═══ MATERIAL FOR THIS EXERCISE ═══
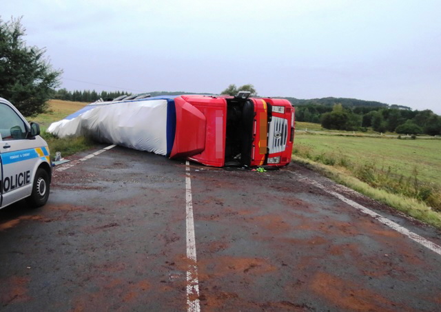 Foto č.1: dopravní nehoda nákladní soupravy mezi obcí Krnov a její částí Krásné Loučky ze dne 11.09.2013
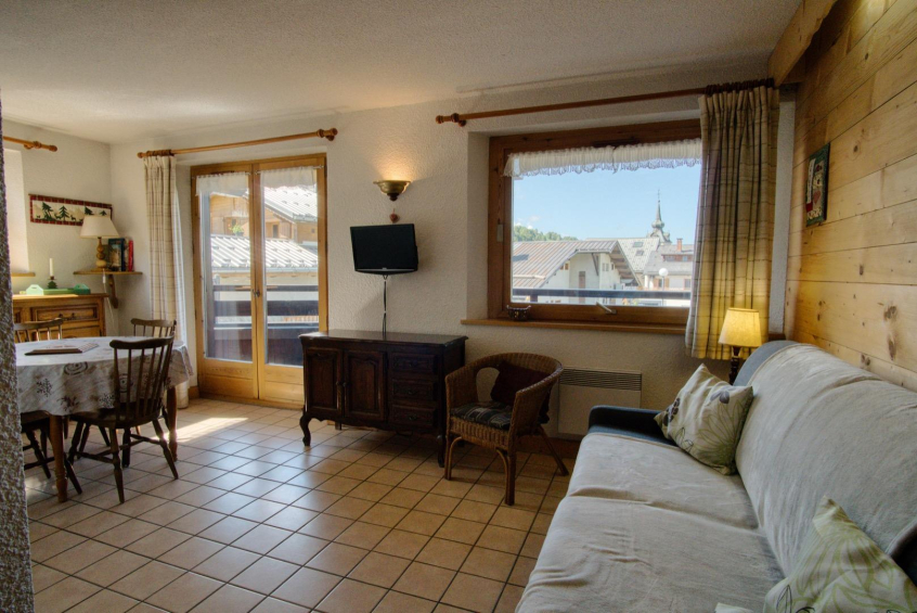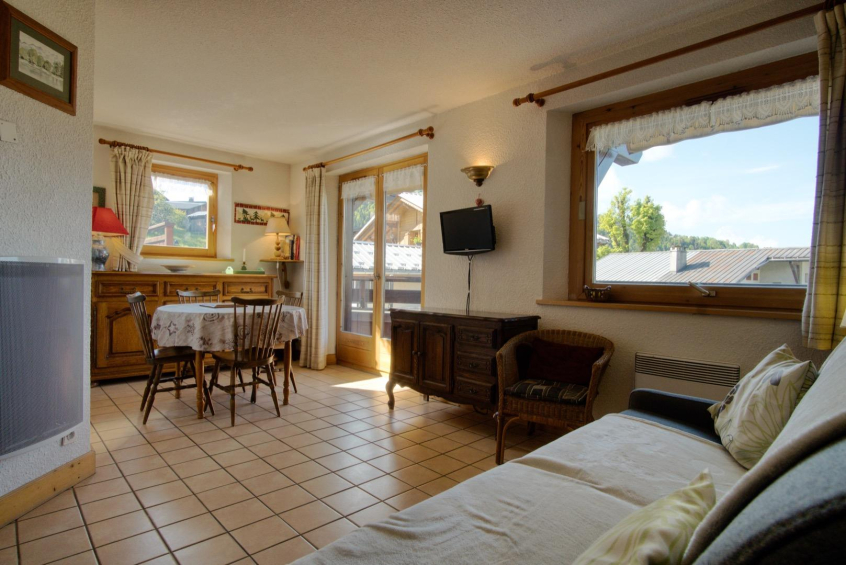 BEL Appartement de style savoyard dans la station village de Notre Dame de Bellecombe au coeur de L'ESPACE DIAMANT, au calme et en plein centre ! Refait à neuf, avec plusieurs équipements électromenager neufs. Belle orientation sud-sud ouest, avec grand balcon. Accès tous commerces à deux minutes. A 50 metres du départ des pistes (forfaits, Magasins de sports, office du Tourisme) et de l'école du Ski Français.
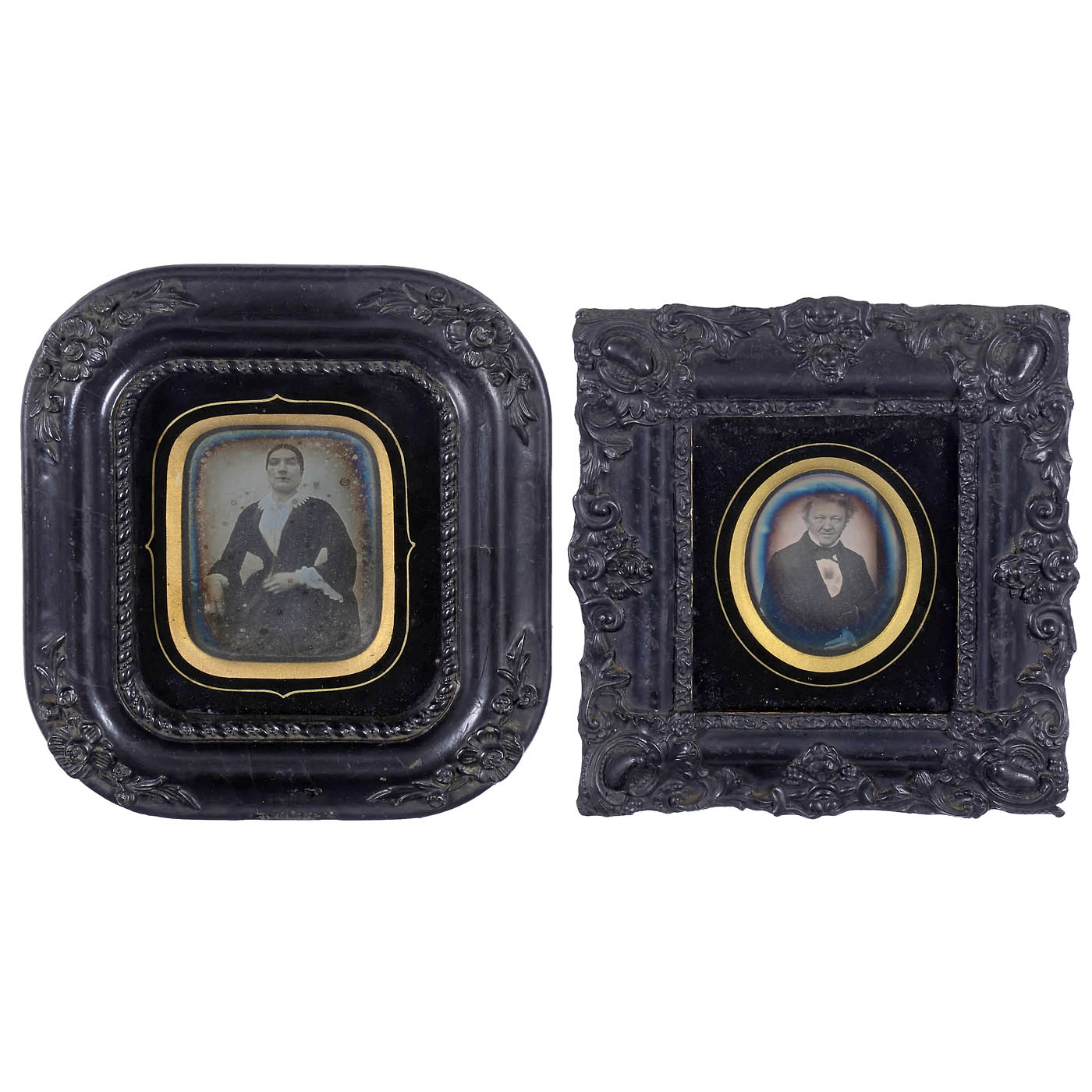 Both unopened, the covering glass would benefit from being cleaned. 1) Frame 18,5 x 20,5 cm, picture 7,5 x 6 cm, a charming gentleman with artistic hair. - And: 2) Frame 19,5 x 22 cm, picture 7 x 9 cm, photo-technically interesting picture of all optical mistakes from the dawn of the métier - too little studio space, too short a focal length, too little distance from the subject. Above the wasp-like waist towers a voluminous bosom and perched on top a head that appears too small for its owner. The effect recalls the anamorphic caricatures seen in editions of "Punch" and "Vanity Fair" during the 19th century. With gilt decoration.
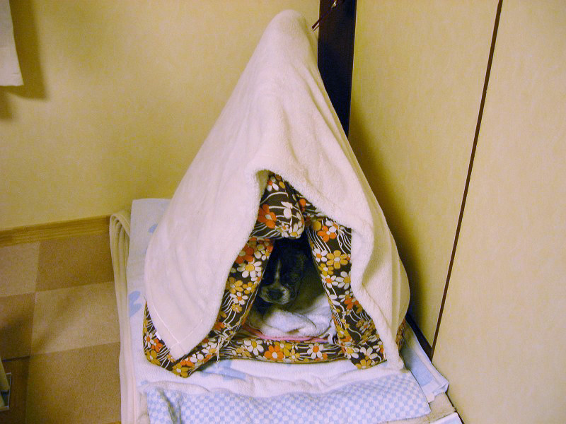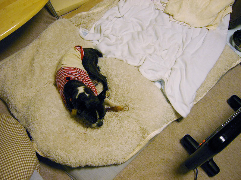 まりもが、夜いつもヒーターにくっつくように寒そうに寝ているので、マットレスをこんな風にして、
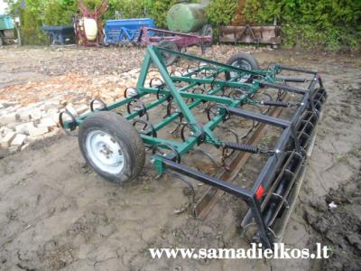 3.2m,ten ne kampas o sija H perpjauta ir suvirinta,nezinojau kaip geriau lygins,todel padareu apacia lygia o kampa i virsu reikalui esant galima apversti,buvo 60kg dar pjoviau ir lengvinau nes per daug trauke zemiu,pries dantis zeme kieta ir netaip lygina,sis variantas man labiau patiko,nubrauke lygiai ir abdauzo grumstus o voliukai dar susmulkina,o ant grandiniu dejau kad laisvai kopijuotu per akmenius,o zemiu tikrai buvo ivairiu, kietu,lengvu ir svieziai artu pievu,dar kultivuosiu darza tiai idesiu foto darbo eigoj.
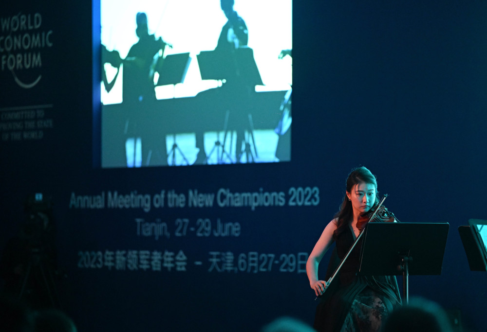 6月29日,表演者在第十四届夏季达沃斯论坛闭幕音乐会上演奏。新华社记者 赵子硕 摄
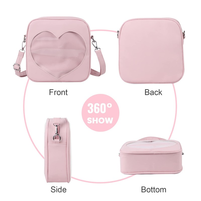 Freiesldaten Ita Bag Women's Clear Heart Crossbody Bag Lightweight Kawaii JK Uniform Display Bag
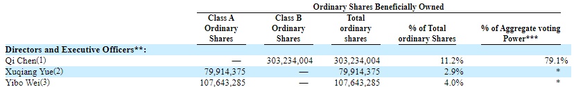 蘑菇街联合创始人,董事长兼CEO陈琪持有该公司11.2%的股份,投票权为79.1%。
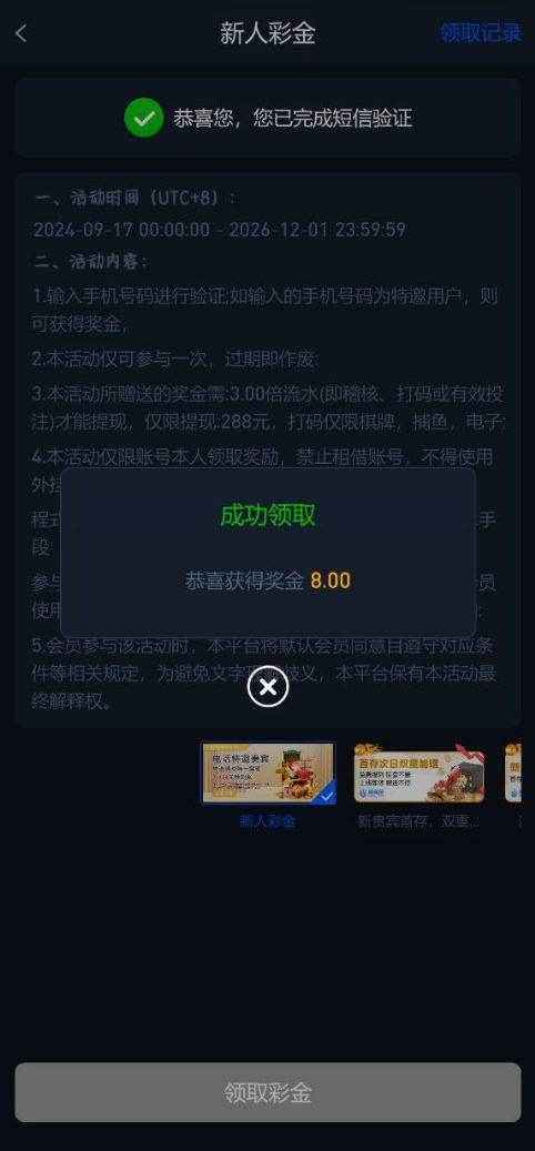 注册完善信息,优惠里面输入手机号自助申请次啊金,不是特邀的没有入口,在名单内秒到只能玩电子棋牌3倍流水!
═══
### [WHAT TO PRODUCE]
Starting with the opening line of the listing, write out each line exactly until the line that contains "BEL Appartement de" has been included; skip the pictures.

### [WRITTEN RESPONSE]
 Foto č.1: dopravní nehoda nákladní soupravy mezi obcí Krnov a její částí Krásné Loučky ze dne 11.09.2013
 BEL Appartement de style savoyard dans la station village de Notre Dame de Bellecombe au coeur de L'ESPACE DIAMANT, au calme et en plein centre ! Refait à neuf, avec plusieurs équipements électromenager neufs. Belle orientation sud-sud ouest, avec grand balcon. Accès tous commerces à deux minutes. A 50 metres du départ des pistes (forfaits, Magasins de sports, office du Tourisme) et de l'école du Ski Français.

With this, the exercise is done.